Persistence & Privilege
always is false and there are no requested config paths or modifications to other skills. The skill does not request persistent or global privileges in the metadata. It does permit autonomous invocation (default), which increases blast radius if the skill were malicious, but there are no additional persistence privileges requested.

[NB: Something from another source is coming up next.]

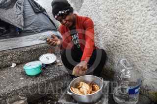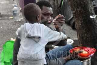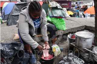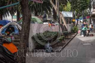 CIUDAD DE MÉXICO, 24DICIEMBRE2023.- En la víspera de navidad, migrantes haitianos preparan sus alimentos en la Plaza Giordano Bruno, denominada "La pequeña Haití” de la colonia Juárez. En la imagen, una familia se abraza a un costado de la plaza. FOTO: MARIO JASSO/CUARTOSCURO.COM

What to consider before installing
Key things to check before installing: - Environment variables: The code reads SEMANTIC_SCHOLAR_API_KEY, OPENALEX_API_KEY, and USER_EMAIL but the skill metadata declares no required env vars — confirm whether you need to supply API keys and whether you are comfortable exposing an email via USER_EMAIL/CLAWDBOT_EMAIL (it will be used in User-Agent headers). - Missing referenced script: SKILL.md tells you to run scripts/generate_schematic.py or scripts/generate_schematic.py is referenced in the schematic-generation example, but that file is not present in the manifest. Ask the publisher where generate_schematic.py is or whether the schematic step is implemented elsewhere. A missing file could indicate an incomplete package or that additional code will be fetched at runtime. - Mandatory external skill: The SKILL.md forces use of a separate 'scientific-schematics' skill to generate figures. Confirm what that skill is, who publishes it, and what permissions or credentials it requires before allowing automatic invocation. - Google Scholar scraping: The instructions encourage manual or careful scraping of Google Scholar (no official API). Scraping violates Google Scholar terms of service and may result in blocking; decide whether you want automation that encourages scraping. - External network calls and subprocesses: The scripts make network requests to public APIs (Semantic Scholar, OpenAlex, CrossRef, PubMed/E-utilities, EuropePMC) and call subprocess tools (pandoc, xelatex). Ensure your runtime environment allows these, and run the code in a sandbox if you need to audit behavior first. - Validate outputs and provenance: Because the skill aggregates many sources, verify DOIs and citation resolution (the repo includes verify_citations.py) and check how deduplication is implemented if you depend on completeness/accuracy for publication work. - If you have low tolerance for risk: don't install until the author fixes metadata mismatches (declare env vars and list the required helpers), provides the missing schematic-generation script or removes the mandatory schematic requirement, and documents the 'scientific-schematics' skill provenance and permissions. If you proceed: run the scripts in an isolated environment, supply API keys deliberately (not secrets you cannot rotate), and confirm the schematic tool and any other external skills before granting the agent autonomous invocation that might call them.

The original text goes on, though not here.